Only a single site has revealed Brown Teal bones in the inland karst ranges of the Wairarapa. Karst areas occur mainly in the Waewaepa and Puketoi Ranges near Makuri, and in the Ruakokoputuna-Haurangi Range area. Sites in these regions are mainly pitfall traps. There are two major sites each with thousands of bones: the Coonoor site on the Waewaepa Range is a pitfall trap excavated about 1914, and Martinborough #1 (Haurangi Range) which was discovered in 1901 and excavated at various times, notably 1920, 1956, and in the 1960s. While much material from each site remains to be identified and accessioned into the collections, the many hundreds of bones that have been catalogued probably fairly indicate the composition of the source faunas. Brown teal are only known from Coonoor, and while the fauna is undated, a site in the impure limestone of this area is likely to be geologically young  (a few thousands of years at most) and can be expected to be of Holocene age. The Holocene vegetation in this area was a closed-canopy podocarp forest in a fairly wet climate (c.2000 mm per annum).

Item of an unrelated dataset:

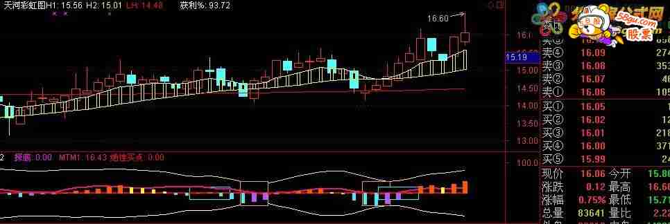 黑码白金-主图用法:当白线上穿黄线时为买点,出现黄柱子逐渐放大看涨股价站上红线为强势;反之,为卖点,出现蓝柱子并逐渐放大为弱势。天河彩虹图H1:EMA(CLOSE,8);H2:EMA(天河彩虹图H1,20);LH:EMA(CLOSE,240),COLORRED;VAR1:=(HHV(HIGH,36)-CLOSE)/(HHV(HIGH,36)-LLV(LOW,36))*100;VAR2:=SMA(VAR1,5,1);VAR3:=SMA(VAR2,8,1);VAR4:=CROSS(VAR2,VAR3) AND VAR3<20;VAR5:=CLOSE>LLV(CLOSE,60)+0.3*LLV(CLOSE,60) AND VAR4;VAR6:=IF(CLOSE>1000,VAR4,VAR5);DRAWICON(CROSS(天河彩虹图H1,H2) AND CLOSE<EMA(CLOSE,60),LOW,1);DRAWICON(VAR6,H,2);STICKLINE(天河彩虹图H1>H2,天河彩虹图H1,H2,1,1),COLORYELLOW;STICKLINE(天河彩虹图H1<H2,天河彩虹图H1,H2,1,1),COLORBLUE;  |

 The absence of Brown Teal from Martinborough #1 probably means the species was absent from the surrounds of this site as many hundreds of other individual birds were represented. The site is located on a ridge in the Haurangi Range, which has a much lower rainfall than the Waewaepa Range. Finsch’s duck was common in Martinborough #1 with Millener (1981) recording a minimum of 277 individuals. An extensive series of radiocarbon dates on the site (R. N., Holdaway pers. comm.) indicates the material accumulated only in the last 3000-4000 years, so we can assume the present climate and nearby vegetation is representative of that which surrounded the site during deposition of the fauna. Seasonal drought is common and the nearby forest is dominated by mountain beech (Nothofagus solandri) with a few podocarps such as totara (Podocarpus totara) likely to have been emergent.